An initial screening of the experimental/computational objectives suggests the creation of diverse datasets to capture different phases of the NPs/NEP life cycle. However, from Figure 2, the following information pillars are distinct: (1) functionality, which includes details of p-chem characterization coupled with life cycle costing performance indicators; (2) nanosafety (hazard analysis and exposure information across the life cycle); (3) product cost (techno-economic indicators and costs performance) derived from a life cycle assessment; (4) environmental impact derived from exposure assessment and scenarios and environmental toxicological studies. In each pillar, several partners with different stakeholder roles and expertise across different organizations and institutions are involved.
What is conceptually derived from Figure 2 has been addressed intrinsically in the ASINA design, where four corresponding pillars are identified for the final project objective (Safe-by-Design solutions). Integration of information into the four pillars represents one of the final steps of the ASINA project, but it is facilitated early on by the FAIRification process.

3.2. Initial Data Description—Questionnaire

In this second stage, the data shepherd creates a list with data creators/analysts in order to facilitate communication within the project and streamline data production and sharing, and in this way avoid confusion, frustration and delays among the other partners. A questionnaire is prepared and circulated among the relevant stakeholders to provide a first description of the data to be generated experimentally or simulated and the protocols and standards followed (Table 1, Response to Questions 2 and 3 of the DMP: what data will be collected, processed and/or generated and which methodology and standards will be applied). To facilitate information sharing and re-use, a private server has been set up on the ASINA project website (https://www.asina-project.eu/, accessed on 1 May 2021) for organizing information and initiatives of practice (Response to Question 1 of the DMP: Information on the handling of research data during the project). The questionnaire allows inner-communication among the partners involved in data generation, data management and curation, comprehension and data shepherding. Practically, it prototypes the generation of templates for data capturing. This step defines the beginning of the process of acquiring generic to specific input feedback from partners as well.

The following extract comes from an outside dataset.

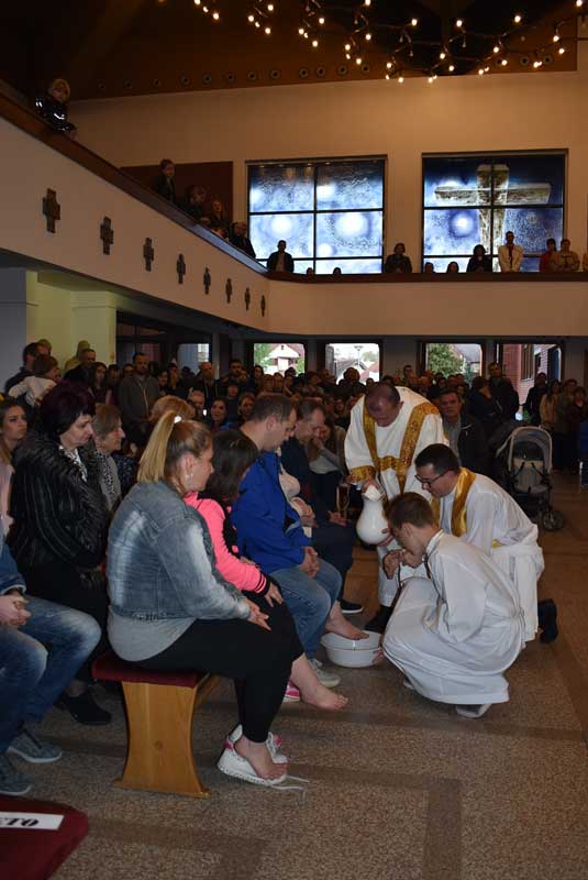 “Večeras je Isus sa svojom obitelji, sa svojim učenicima.....Gesta pranja nogu posebno upada u oči večeras, Isus pere noge svojim učenicima. To je gesta koja je pripadala u Isusovo vrijeme robovima. On postaje sluga. Nama kojima je teško služiti u svojoj kući, a da ne govorimo dalje. U ovoj svetoj noći vidimo istinsku narav čovjeka da odbaci Boga onako kako mu se on nudi, Bog koji je sluga. ..Pranje nogu suprotstavlja se i Judinoj i Petrovoj logici ljubavi. Isus silazi da bi nas spasio” rekao je među ostalim u propovijedi, naš župnik Ivica Martić. Misno je slavlje pjevanjem pratio Mješoviti zbor naše župe.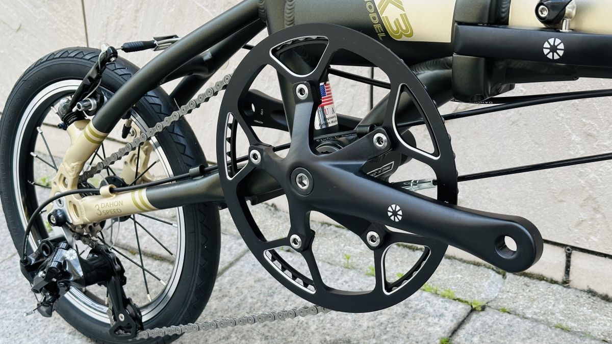 14インチのホイールなので長距離のライドなどには向きませんが、最大ギア比がフロント53T・リア9Tとこれまたロードバイクもびっくりのギア比で平坦路も軽快に乗りこなせます。

To facilitate the initial description, we established a minimal information set to be included in the questionnaire (Table 1). The questionnaire is partially inspired by the PortForward project data management plan (version 1) (https://www.portforward-project.eu/wp-content/uploads/2018/09/PortForward-WP9-D9.5-Data-Management-Plan-V1-Final.pdf, accessed on 1 May 2021). Notice that the same approach can be used in diverse projects and its applicability has a broader context not limited to nanotechnology studies.
The questionnaire captures generic information, such as the following.
  • Data identification: This part includes dataset description, which is a general description of forthcoming data (e.g., characterization, functionality analysis, cost effectiveness, life cycle analysis, fate in relevant matrices, toxicological data, exposure data, etc.). This will allow the generated data to be captured in different categories, harmonized and integrated. The source concerns whether the data are to be experimentally generated or simulated and the location of the analysis (e.g., partners lab or the software tool).
  • Partner’s activities and responsibilities: This part includes personal information of the partners in charge of data collection/analysis and storage. In addition, related WPs and task(s) need to be captured in case communication or data integration is required.
  • Expected input variables: For each analysis, some information will be needed in advance. For example, when in toxicological studies information on p-chem properties is required, data from particle characterization are necessary, and the template needs to be circulated among different/related partners. This part reveals which specific partners are related and how data are associated among WPs and/or tasks. It allows the capturing and exchange of data to be performed in a controlled manner while tracking additional contributions.
  • Expected outcomes: This part is outcome-specific. Descriptions of the exact outcomes that are going to be produced are needed for the forthcoming integration of the pillars. Each WP/task, however, is expected to have several outcomes (for example, several toxicological assays will be performed for one NP). A description of each case should be recorded.
  • Standards: Detailed description of the methods/protocols that will be followed to generate the data. This information will enable the data curation process and increase the FAIRness of data. The partners should describe which standards are applied for each case, and at this stage the data capturing structure is defined, informing partners and managers who might not be familiar with all the protocol applicability domains.
The questionnaire responses should be checked across the grant agreement and other materials shared by the partners (reports, presentations, communications, etc.) to confirm alignment with agreed upon project requirements.
Future steps require that the relevant partners inform the DMP’s responsible colleague for the sake of the confidentiality of the data (response to Question 4 of the DMP: whether data will be shared/made open access). A second questionnaire is then circulated to capture the information below (Table 2) and merged with the information in Table 1. Reasons as to why the data should have restricted access should be provided by each partner.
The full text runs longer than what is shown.